Readit News logoReadit News
stdbrouw commented on Over fifty new hallucinations in ICLR 2026 submissions   gptzero.me/news/iclr-2026... · Posted by u/puttycat
semi-extrinsic · 8 days ago
Yeah, there is an interesting question there (always has been). When do you stop citing the paper for a specific model?

Just to take some examples, is BiCGStab famous enough now that we can stop citing van der Vorst? Is the AdS/CFT correspondence well known enough that we can stop citing Maldacena? Are transformers so ubiquitous that we don't have to cite "Attention is all you need" anymore? I would be closer to yes than no on these, but it's not 100% clear-cut.

One obvious criterion has to be "if you leave out the citation, will it be obvious to the reader what you've done/used"? Another metric is approximately "did the original author get enough credit already"?

stdbrouw · 8 days ago
Yeah, I didn't want to be contrary just for the sake of it, the heuristics you mention seem like good ones, and if followed would probably already cut down on quite a few superfluous references in most papers.
stdbrouw commented on Over fifty new hallucinations in ICLR 2026 submissions   gptzero.me/news/iclr-2026... · Posted by u/puttycat
semi-extrinsic · 9 days ago
It's also a consequence of the sheer number of building blocks which are involved in modern science.

In the methods section, it's very common to say "We employ method barfoo [1] as implemented in library libbar [2], with the specific variant widget due to Smith et al. [3] and the gobbledygook renormalization [4,5]. The feoozbar is solved with geometric multigrid [6]. Data is analyzed using the froiznok method [7] from the boolbool library [8]." There goes 8, now you have 2 citations left for the introduction.

stdbrouw · 8 days ago
Do you still feel the same way if the froiznok method is an ANOVA table of a linear regression, with a log-transformed outcome? Should I reference Fisher, Galton, Newton, the first person to log transform an outcome in a regression analysis, the first person to log transform the particular outcome used in your paper, the R developers, and Gauss and Markov for showing that under certain conditions OLS is the best linear unbiased estimator? And then a couple of references about the importance of quantitative analysis in general? Because that is the level of detail I’m seeing :-)
stdbrouw commented on Over fifty new hallucinations in ICLR 2026 submissions   gptzero.me/news/iclr-2026... · Posted by u/puttycat
andy99 · 9 days ago
I’ve reviewed a lot of papers, I don’t consider it the reviewers responsibility to manually verify all citations are real. If there was an unusual citation that was relied on heavily for the basis of the work, one would expect it to be checked. Things like broad prior work, you’d just assume it’s part of background.

The reviewer is not a proofreader, they are checking the rigour and relevance of the work, which does not rest heavily on all of the references in a document. They are also assuming good faith.

stdbrouw · 9 days ago
The idea that references in a scientific paper should be plentiful but aren't really that important, is a consequence of a previous technological revolution: the internet.

You'll find a lot of papers from, say, the '70s, with a grand total of maybe 10 references, all of them to crucial prior work, and if those references don't say what the author claims they should say (e.g. that the particular method that is employed is valid), then chances are that the current paper is weaker than it seems, or even invalid, and so it is extremely important to check those references.

Then the internet came along, scientists started padding their work with easily found but barely relevant references and journal editors started requiring that even "the earth is round" should be well-referenced. The result is that peer reviewers feel that asking them to check the references is akin to asking them to do a spell check. Fair enough, I agree, I usually can't be bothered to do many or any citation checks when I am asked to do peer review, but it's good to remember that this in itself is an indication of a perverted system, which we just all ignored -- at our peril -- until LLM hallucinations upset the status quo.

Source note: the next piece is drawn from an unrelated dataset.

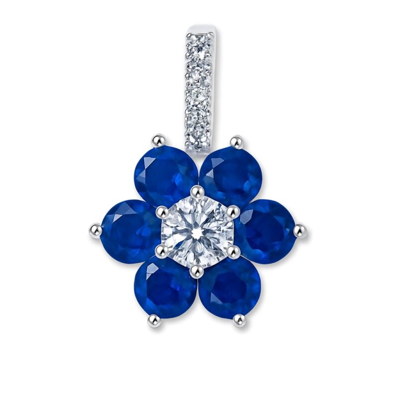 Ein zartes Blütenmotiv mit klarer Präsenz: Die tiefblauen Zirkonias entfalten sich wie samtige Blütenblätter rund um einen strahlend weißen Mittelpunkt. Die elegante, mit weißen Steinen besetzte Öse verleiht dem Anhänger zusätzliche Raffinesse und Glanz. Der Kontrast zwischen dem kühlen Silberglanz und dem intensiven Blau wirkt harmonisch, kraftvoll und edel – eine Hommage an zeitlose Schönheit.

stdbrouw commented on Python Data Science Handbook   jakevdp.github.io/PythonD... · Posted by u/cl3misch
this_user · 13 days ago
Pandas is widely adopted and deeply integrated into the Python ecosystem. Meanwhile, Polars remains a small niche, and it's one of those hype technologies that will likely be dead in 3 years once most of its users realise that it offers them no actual practical advantages over Pandas.

If you are dealing with huge data sets, you are probably using Spark or something like Dask already where jobs can run in the cloud. If you need speed and efficiency on your local machine, you use NumPy outright. And if you really, really need speed, you rewrite it in C/C++.

Polars is trying to solve an issue that just doesn't exist for the vast majority of users.

stdbrouw · 13 days ago
Arguably Spark solves a problem that does not exist anymore: single node performance with tools like DuckDB and Polars is so good that there’s no need for more complex orchestration anymore, and these tools are sufficiently user-friendly that there is little point to switching to Pandas for smaller datasets.
stdbrouw commented on What if hard work felt easier?   jeanhsu.substack.com/p/wh... · Posted by u/kiyanwang
thewebguyd · a month ago
> The rules are too complex to start a business.

Not to mention the taxes, depending on where you live. When I actually went to register my side gig wedding photography business it was the most confusing mess I've ever had to slog through.

It's not clear, at all, what licenses you need because of the nature of the business. There's state, then there's also local/city licenses, and it's not clear on if you need one for every city you photograph at, or just one for the city you reside in (your business address). Some cities require it some don't.

Then the taxes here are also just as confusing. Different rates depending on the business activity. Session fee revenue is taxed differently than digital photo sales revenue, etc. Then sometimes the service itself is subject to sales tax, sometimes not, depending on how (and where) you deliver the photos matters too.

You can't be on the legal up and up without hiring an accountant and maybe an attorney to go through the process with you, which is definitely not something I wanted to do for a side gig.

It should not be this convoluted or difficult to legally open a business, especially under a certain amount of revenue per year. I'm not making millions here, we're talking less than 100k/year in gross revenue.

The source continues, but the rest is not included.